Agora nos afastando do crime, a pergunta que fica é: Maria José era culpável, tinha discernimento mental e poderia sofrer um juízo de reprovação do Estado, como aconteceu? Se sim, o castigo, a punição, a forca restou justa, segundo a legislação da época. Se não, se Maria José, conforme a tese do seu defensor, não tinha culpabilidade, era inimputável, não poderia haver punibilidade (pena) e a sanção correta seria uma medida de segurança, um tratamento, por estarmos diante de uma pessoa com deficiência mental.

Seria possível, analisando os comportamentos de Maria José, responder a essa pergunta? A punição imposta foi justa ou podemos contestar a pena analisando as ações, as omissões, antes e depois do crime? Veremos no capítulo a seguir.

91 “Fato típico, portanto, pode ser conceituado como ação ou omissão humana, antissocial que, norteada pelo princípio da intervenção mínima, consiste numa conduta produtora de um resultado que se subsume ao modelo de conduta proibida pelo Direito Penal, seja crime ou contravenção penal. Do seu conceito extraímos seus elementos: conduta, nexo causal, resultado e tipicidade.” (SANCHES, 2020, p. 239, grifo do autor).
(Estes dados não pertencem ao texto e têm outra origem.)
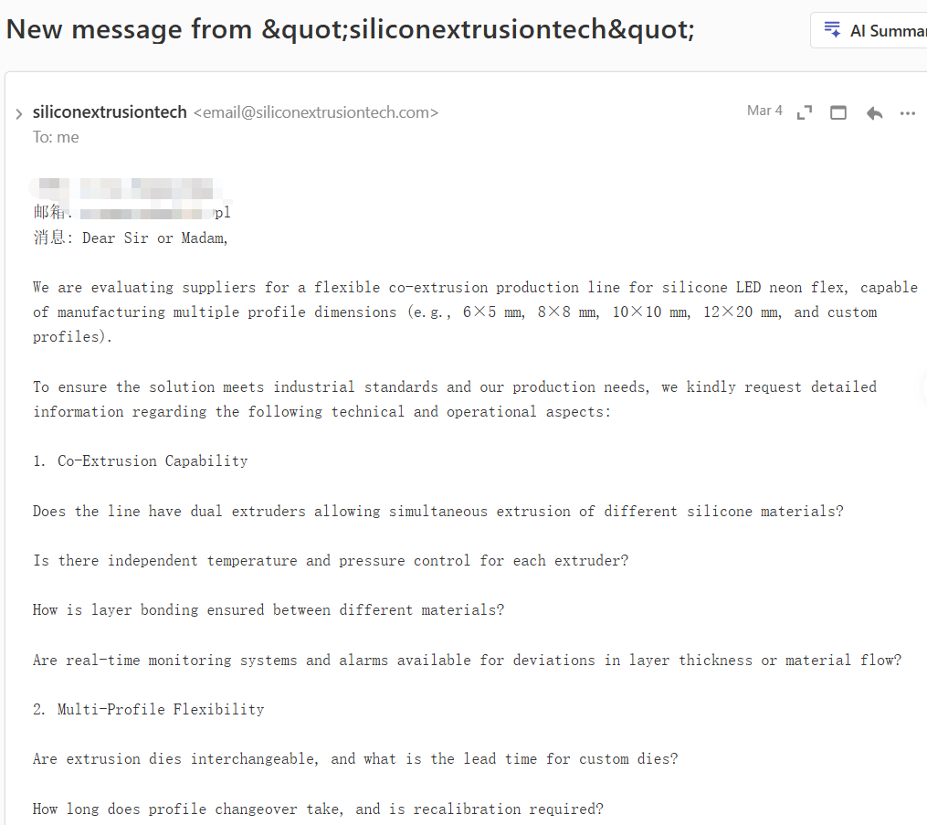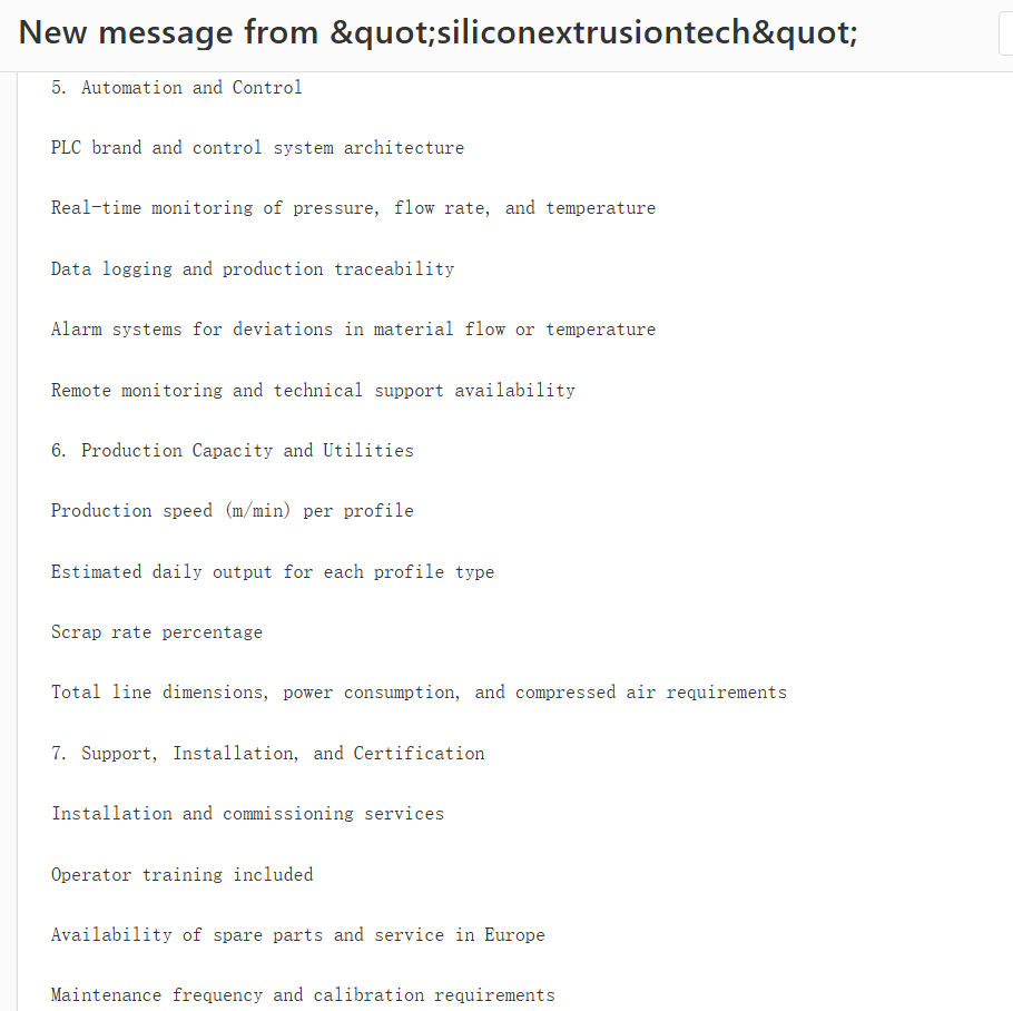 I am Eason. This morning, I opened my email and found a very detailed inquiry. The customer is evaluating suppliers for a flexible silicone co-extrusion production line. They want to know everything. They asked about profile dimensions like 6×5 mm and 12×20 mm. They asked about dual extruders, layer bonding, and CE certification for the European market. This is not a basic buyer. This is a professional who knows the hardware. When I saw these questions, I smiled. I love it when a customer challenges me with deep technical details. It reminds me of when I play basketball with a team that is better than mine. I have to play my best. I have to be precise.

92 “A ilicitude, também denominada de antijuridicidade, é o segundo substrato do conceito analítico de crime. Deve ser entendida como conduta típica não justificada, espelhando a relação de contrariedade entre o fato típico e o ordenamento jurídico como um todo. [...] para existir o crime, deve ser demonstrado que uma conduta gerou um resultado com ajuste (formal e material) a um tipo penal (fato típico). Em seguida, é imprescindível verificar se essa violação típica não é permitida pelo nosso ordenamento jurídico: se permitida, não há ilicitude (desaparecendo o próprio crime); se não permitida, há ilicitude.” (SANCHES, 2020, p. 319, grifo do autor).

93“Qualquer pessoa, que matar outra, ou mandar matar, morra por ello morte natural” (PORTUGAL, 1870, p. 1184).